Friday, August 03, 2012

Relax!

When the  plane reaches 1000 feet, we're expected to unfasten our seat belts, spread out, and, if it's a toasty day, open the door.  This means someone gets to sit on the floor, untethered, inches away from a big drop.  When that person is me, I don't like it.
Yeah, I get that I have a parachute on and should be able to save myself if I fell out, but it still freaks me.
Guess who's not a natural at this?
Guess who also still exits the plane like this?
I knew I wasn't the most graceful creature, but it wasn't until I saw video after video of my exits that I realized how all over the place I was.  Its ridiculous.  I knew how to arch.  On the way to altitude I was visualizing myself leaving the plane and arching.  What was up with the rag doll moves?
And then there's the landings. They often look like this...


but sometimes I... ...land standing up.  Whoohoo!  Okay, this is something many of my peers have mastered in their student days... ...but for me it's a treat.

I try to be safe.  I fear "stealth goof ups"- that is, doing something bad without noticing it.   A recent lowish pull comes to mind.  This makes me mad on two counts- I've done something wrong and put myself (or others) in potential danger.   Not safe.  Not cool.
Recently I was planning my landing pattern when I noticed the wind sock at a right angle to its usual position.  We're supposed to land perpendicular to the runway, and that's the way the wind usually blows.  Not today..  What to do?  Follow the rules and find out what a crosswind landing was like?  Or do a pattern lined up with the wind?
 Whatever you do, I thought, stay out of everyone's way!   No surprise turns.  No cutting people off.   Got that?*
I looked around.  I was at the far end of the DZ.   My only neighbors in the sky were a pair of hawks.  They were flying with the windsock.
Okay, I thought, if the hawks know what to do...
Downwind... crosswind... into the wind... toggles up... toggles up... flare half... all-the-way...
Wow!  I landed a stand up landing!  
The shuttle van drove up.  Lisa, the driver said:



"Lucky Duck?"
Oh Geez, I thought.  What bullet had I just dodged?  What stupid, reckless thing had I just done?  Had I put anyone else in danger?  Maybe I had no business doing this skydiving stuff!
"Lucky," Lisa continued.  "You got to fly with the hawks!"
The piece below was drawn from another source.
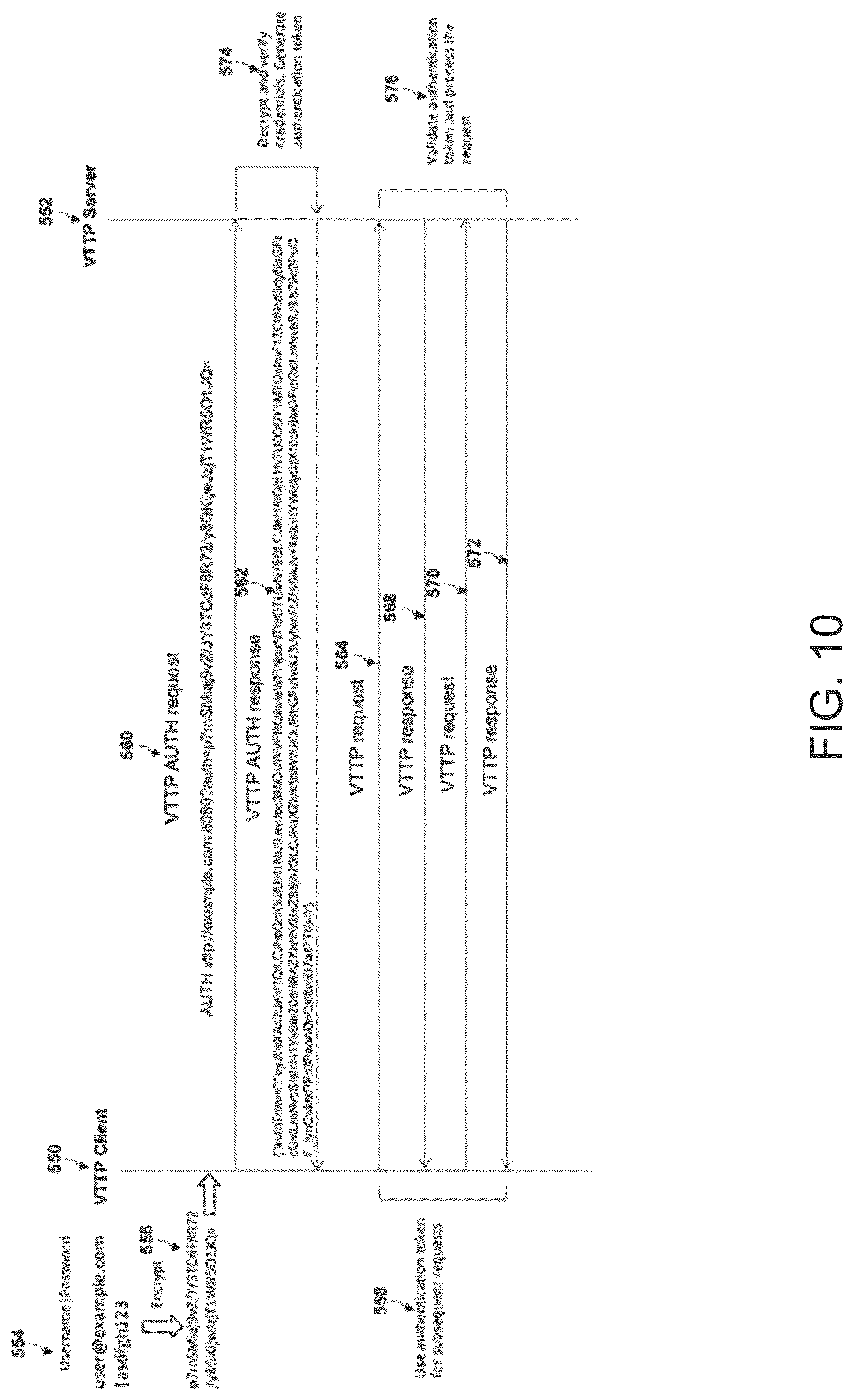 [0044]FIG. 10 is an illustration of the token-based authentication process in VTTP, according to an embodiment of the invention.

I may be a lucky duck, but it seems I'm also a nervous, high strung one.  The feedback I get from the many coaches who put up with me is "Relax!"
They're right.  Being tense makes my moves crude and clunky.  Being calm makes things easier.  My challenge is to learn to get calm and stay that way.    It's one thing to sit in a chair and relax.  Plunging through the air and relaxing is trickier.
Even a lot of my tunnel time is devoted to relaxing.
It's less spooky than the sky even with an audience of Universal Citywalk tourists watching.   Never mind that some of my peers are learning sit fly moves now.  If learning to relax was what I needed, that was what I was practicing.  It did make it easier to do control what I was doing.

I usually jump with  other people.  We attempt some formations.  I'm usually the one who ends up too high or backslides away.  Even when I get close, I have trouble docking.  On a recent jump I  found myself level with another diver.  Would I be able to grab his grips  without backsliding?
Calm down!  I reminded myself. Relax...

 

It worked!  I was able to dock..  Then let go and was able to dock in a second formation.  This is very basic stuff, but for me it was a miracle.  I couldn't believe it.   Maybe I could be a decent skydiver after all...!

*for non-skydiving readers both canopy collisions and low turns (to avoid them) are very dangerous.